→ GOAL OF THE EXERCISE: Repeat the lines from the one containing "rough concrete ceiling" through the last line of the data, exactly, pictures omitted.

→ SUPPLIED DATA:
((

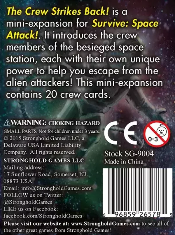 una mini-espansione per Survive: Space Attack!, introduce i membri dell'equipaggio della stazione spaziale assediata, ognuno con il proprio potere unico per aiutarti a fuggire dagli attaccanti alieni. Questa mini-espansione contiene venti carte equipaggio.
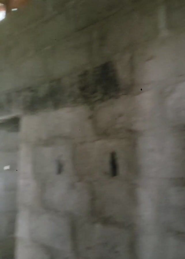 rough concrete ceiling with a visible crack and some discoloration. The camera moves, showing a wall with a small, bright opening, possibly a window, and then returns to the concrete.
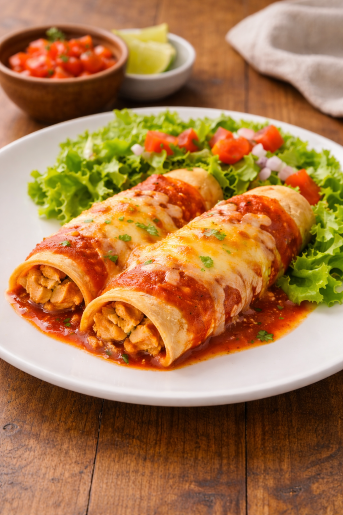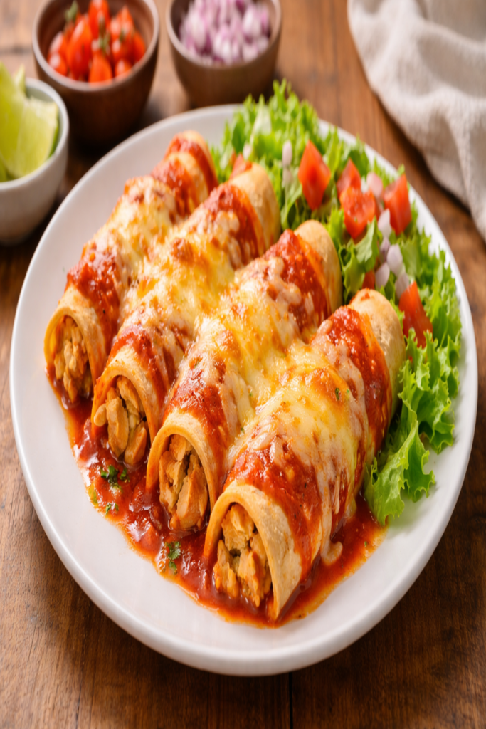Chicken enchiladas are soft tortillas filled with cooked chicken, covered with sauce and cheese, then baked. They are warm, cheesy, and full of flavor. This dish is easy to make and perfect for family meals.
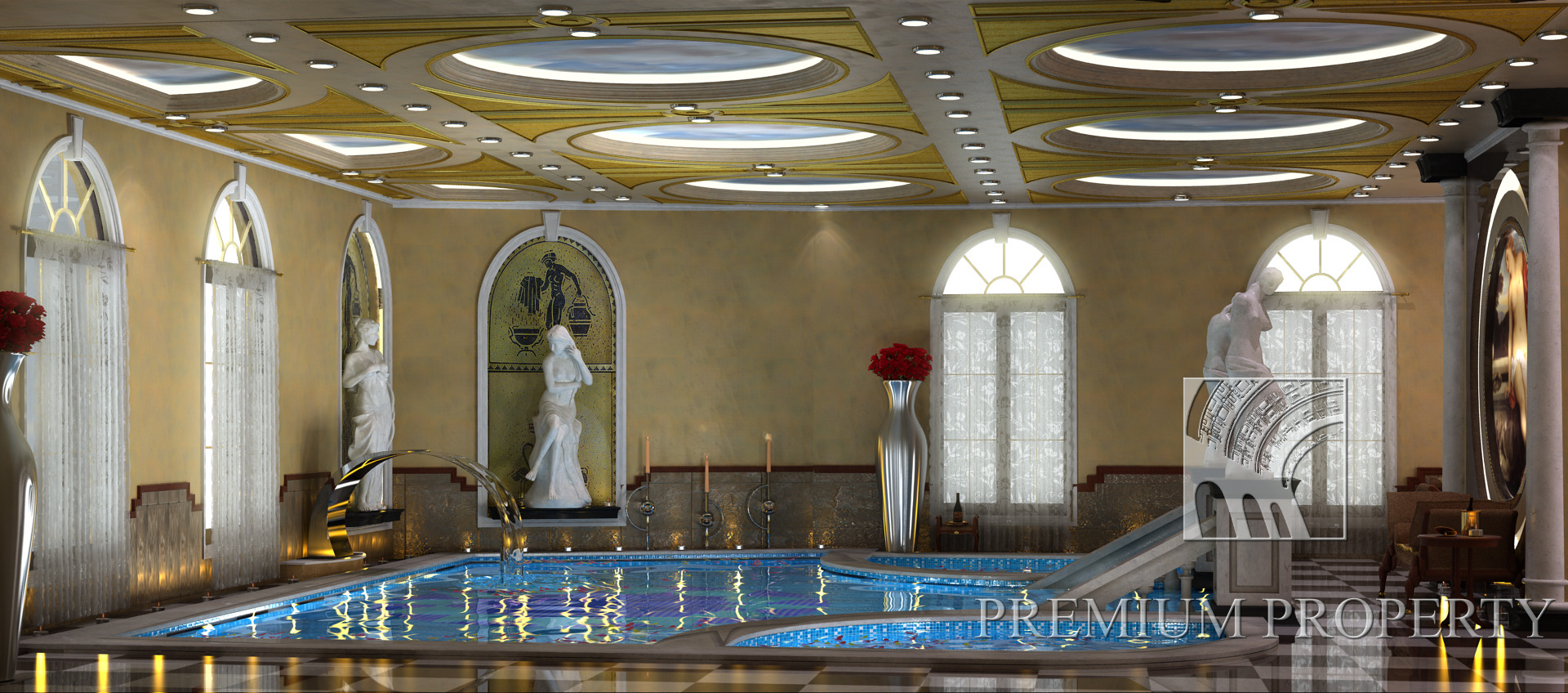 Главное фойе Артура оформлено как центр композиции, подчеркнутое внушительной закрученной лестницей, украшенной кованым железом. С фойе можно пройти в стильный cпа центр оборудованный внутренним бассейном, украшенный кассетным потолком с невероятными картинами русской классики. Со всех сторон веет изысканной роскошью и умело сбалансированными пропорциями. Этот бассейн является частью ансамбля Спа центра для восстановления и релакса. В него включены обширный фитнес зал, русская и турецкая бани. Внутренний бассейн визуально связан и с внешним бассейном, целенаправленно искомые в одной композиционной оси.

))

→ PROBLEM SOLUTION:
 rough concrete ceiling with a visible crack and some discoloration. The camera moves, showing a wall with a small, bright opening, possibly a window, and then returns to the concrete.
Chicken enchiladas are soft tortillas filled with cooked chicken, covered with sauce and cheese, then baked. They are warm, cheesy, and full of flavor. This dish is easy to make and perfect for family meals.
 Главное фойе Артура оформлено как центр композиции, подчеркнутое внушительной закрученной лестницей, украшенной кованым железом. С фойе можно пройти в стильный cпа центр оборудованный внутренним бассейном, украшенный кассетным потолком с невероятными картинами русской классики. Со всех сторон веет изысканной роскошью и умело сбалансированными пропорциями. Этот бассейн является частью ансамбля Спа центра для восстановления и релакса. В него включены обширный фитнес зал, русская и турецкая бани. Внутренний бассейн визуально связан и с внешним бассейном, целенаправленно искомые в одной композиционной оси.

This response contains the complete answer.